Early assaults with light formations of infantry and tanks – apparently in the hopes that the Ukrainian military would simply fold – were destroyed with heavy Russian losses, forcing Putin to resort to siege tactics by bombing cities into submission.

Kyiv’s commanders say the Russian advance has now stalled and come to a near-complete stop, having failed to achieve many of its early objectives. 

Ukraine estimates Russian losses at 12,000 men. That cannot be verified, but the total will almost certainly be higher than Putin bargained for.
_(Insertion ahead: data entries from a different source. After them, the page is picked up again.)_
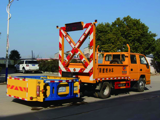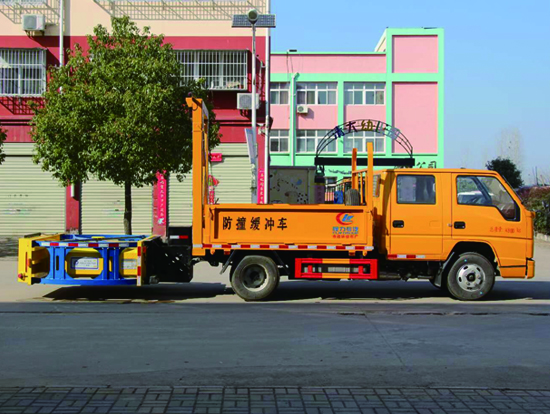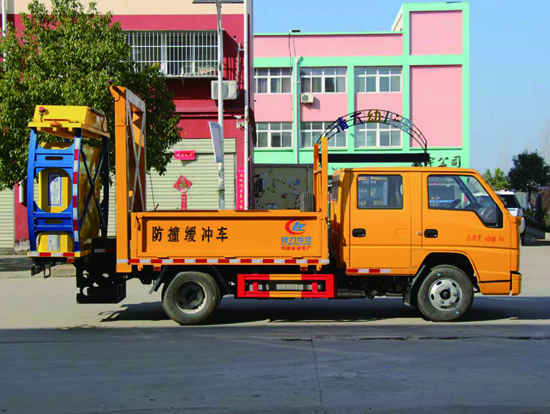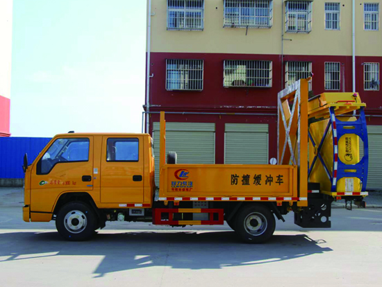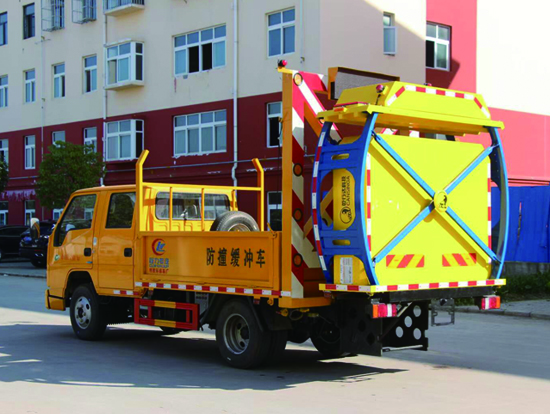 防撞缓冲车主要用于高速公路施工,隧道施工,公路施工等工程时,最大限度的降低了施工车辆、养护人员和事故处理的交警的安全风险问题。防撞缓冲车主要是在二类底盘的基础上加装专用导向架和防撞缓冲垫等组成,可以在临时性车道封闭的路段给养路工人及设备提供全面的被动安装防护,通过防撞包的变形均匀逐渐的缓消碰撞的动能,对施工人员及设备进行有效的保护,同时最大限度地保护撞击车辆内人员的安全。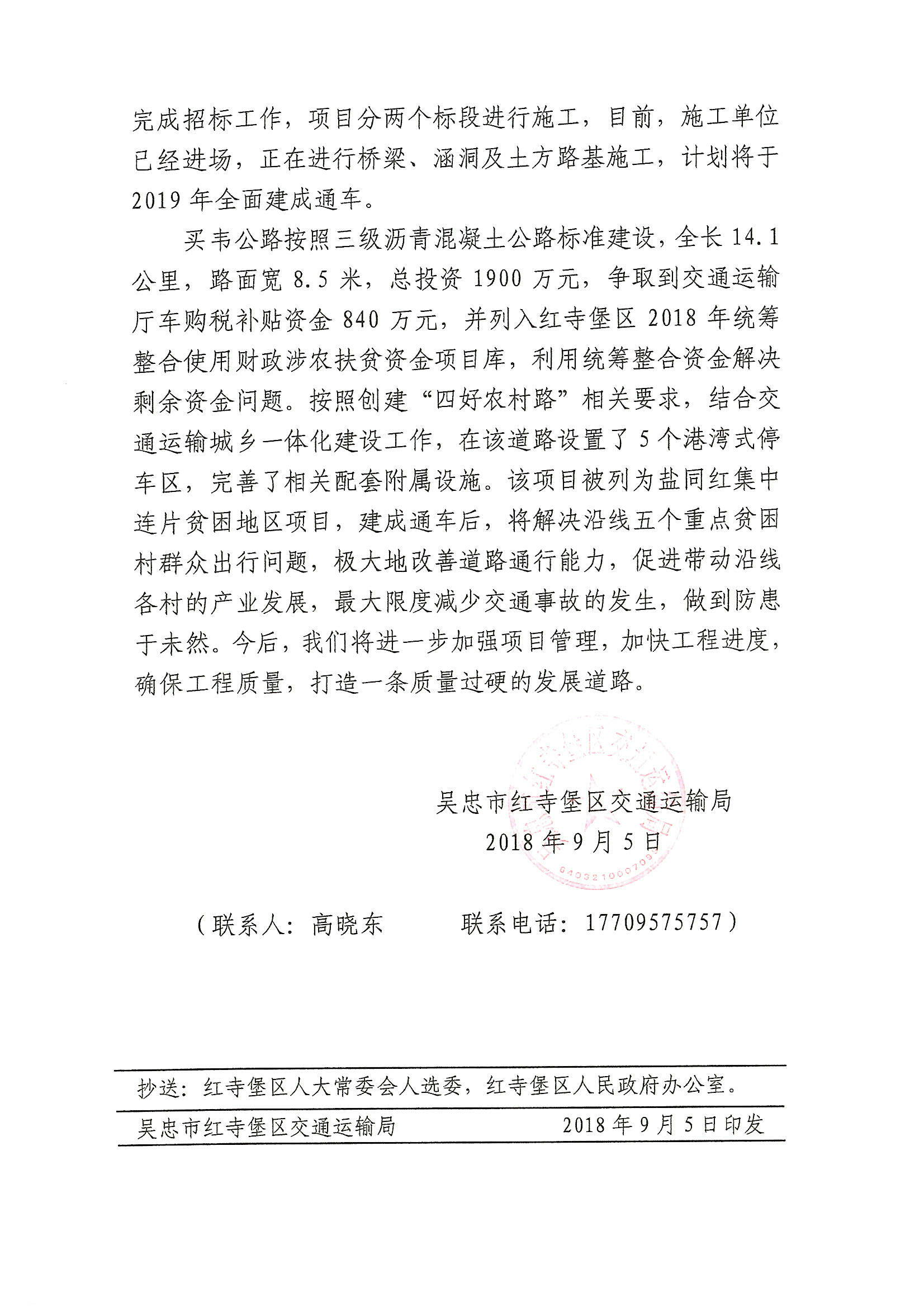 吴忠市红寺堡区交通运输局关于红寺堡区三届人大二次会议第19号建议答复的函(A类)
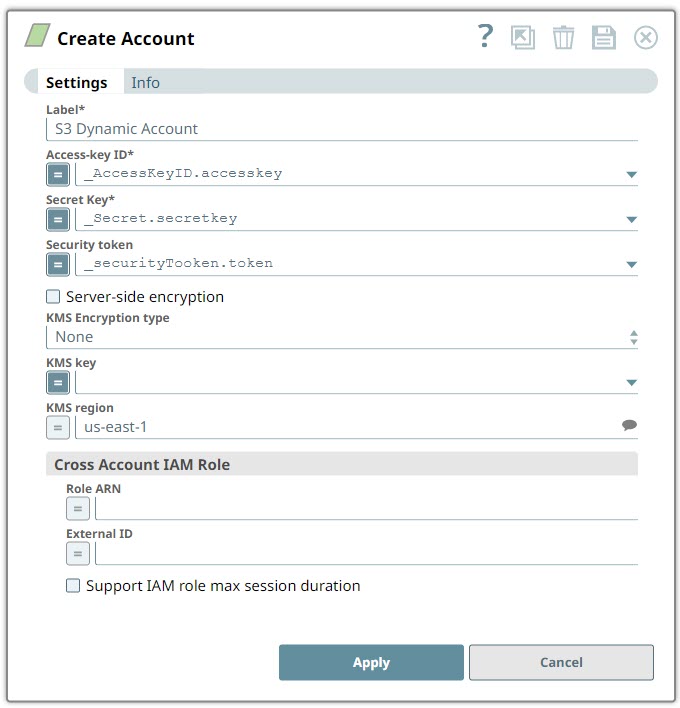 | Security Token | Dropdown list/Expression | The Security token part of AWS Security Token Service (STS) credentials. Default value: None. Example: XZlkdf129LONmn65n= |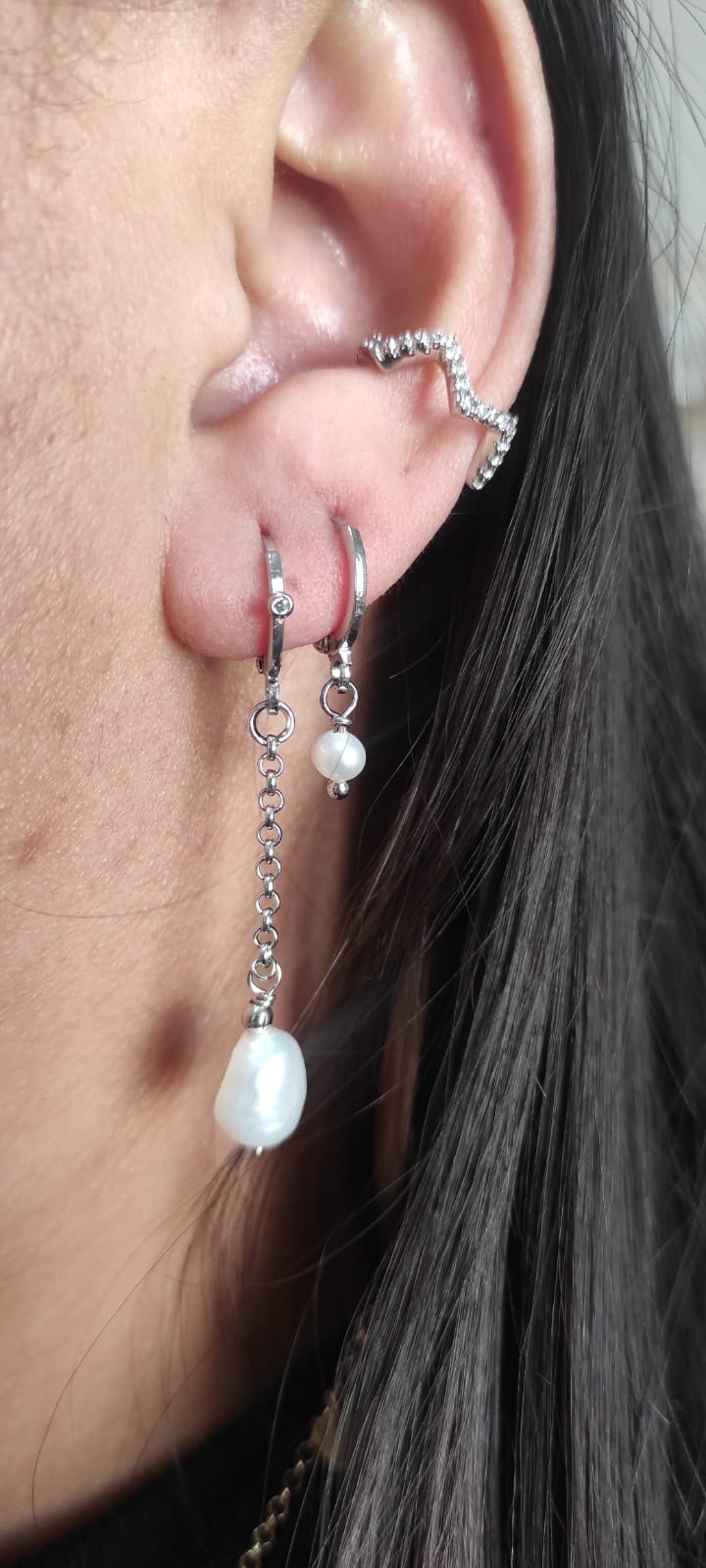 Argola banhada a ródio com pérola.Tam: 4 cm de comprimento.

Even if Russia’s much-larger military can overcome Ukraine’s by sheer weight of numbers, it faces the daunting task of trying to occupy a country whose population have shown a bloody-minded willingness to resist.

It would leave Moscow’s men fighting a deeply-entrenched insurgency, sapping Russia’s economic resources at a time when sanctions begin to bite hard.

Privately, political figures and powerful businessmen in Russia are said to be describing the invasion as a ‘clusterf***’ which they never expected Putin to go through with.

Anti-war protests have also erupted, leading some to predict that Putin’s ‘miscalculation’ in Ukraine could lead to the fall of his regime.